Auto-Retrato de José Lins do Rego*
-Tenho quarenta e seis anos, moreno, cabelos pretos, com meia dúzia de fios brancos, 1 metro e 74 centímetros, casado, com três filhas e um genro, 86 quilos bem pesados, com muita saúde e muito medo de morrer. Não gosto de trabalhar, não fumo, não durmo com muitos sonos e já escrevi 11 romances. Se chove, tenho saudades do sol; se faz calor, tenho saudades da chuva. Vou ao futebol e sofro como um pobre diabo. Jogo tênis, pessimamente, e daria tudo para ver o meu clube campeão de tudo. Sou homem de paixões violentas. Temo os poderes de Deus, e fui devoto de Nossa Senhora da Conceição. Enfim, literato da cabeça aos pés, amigo dos meus amigos, e capaz de tudo se me pisarem nos calos. Perco então a cabeça e fico ridículo. Não sou mau pagador. Se tenho, pago; mas se não tenho, não pago, e não perco o sono por isso.
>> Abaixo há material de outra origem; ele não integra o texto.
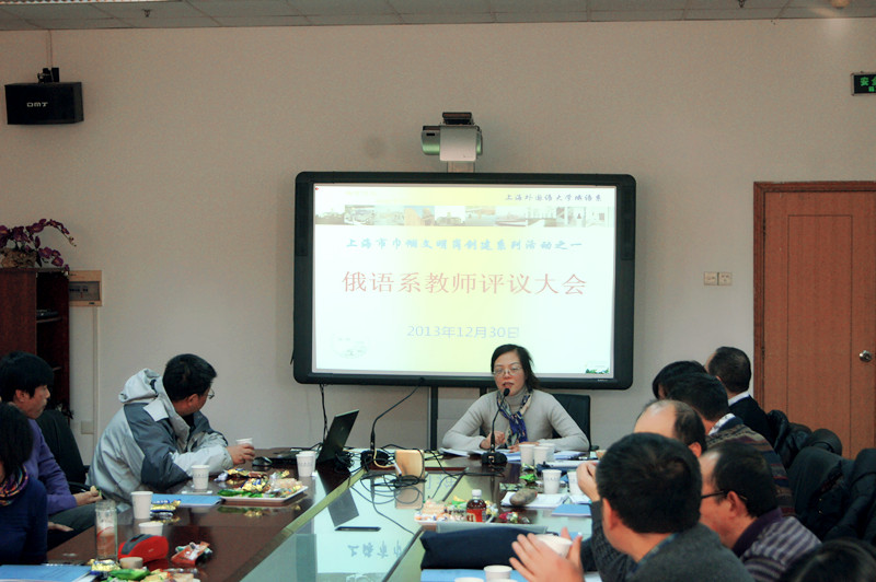 2013年12月30日下午,上海外国语大学俄语系“巾帼文明岗”教师评议大会在虹口校区逸夫图书馆604室召开。俄语系党政领导出席了大会,系全体教职工参加了会议。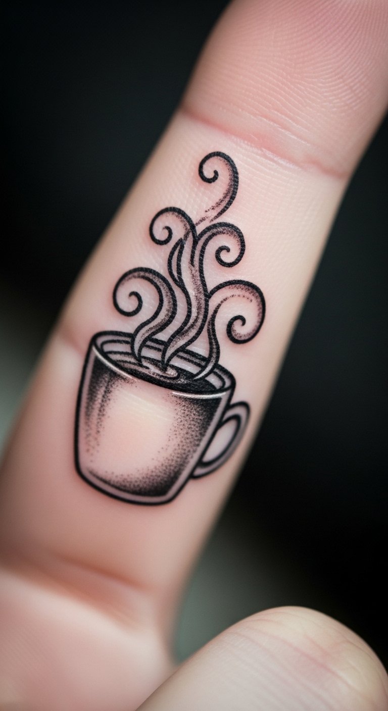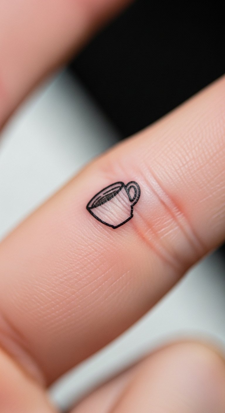 Tiny finger tattoos keep it subtle. A small cup fits perfect. Sketch tiny ideas. Use your finger as a guide. Look for finger specials. They cost under $40. Draw with fine liners at home. Buy mini stickers. Test and decide.

Afinal de contas sou um homem, como os outros. E Deus queira que assim continue. (Ano de 1947)
(*) Paraibano de Pilar -Pb. Nasceu a 3 de junho de 1901 e faleceu a 12 de setembro de 1957. Um dos melhores escritores regionalistas da Paraíba. Autor de: Menino de Engenho (1932); Doidinho (1933); Banguê (1935); Usina (1936); Fogo Morto (1943); Pedra Bonita ( 1938); Cangaceiros (1953); O Moleque Ricardo (1934); Pureza (1937); Riacho Doce (1939); Água Mãe (1941); Eurídice ( 1947); Meus Verdes Anos ( 1956).
Inúmeras conferências e artigos jornalísticos; relatos e cronicas. Atuou no "Globo" e "Diários Associados" do Rio de Janeiro.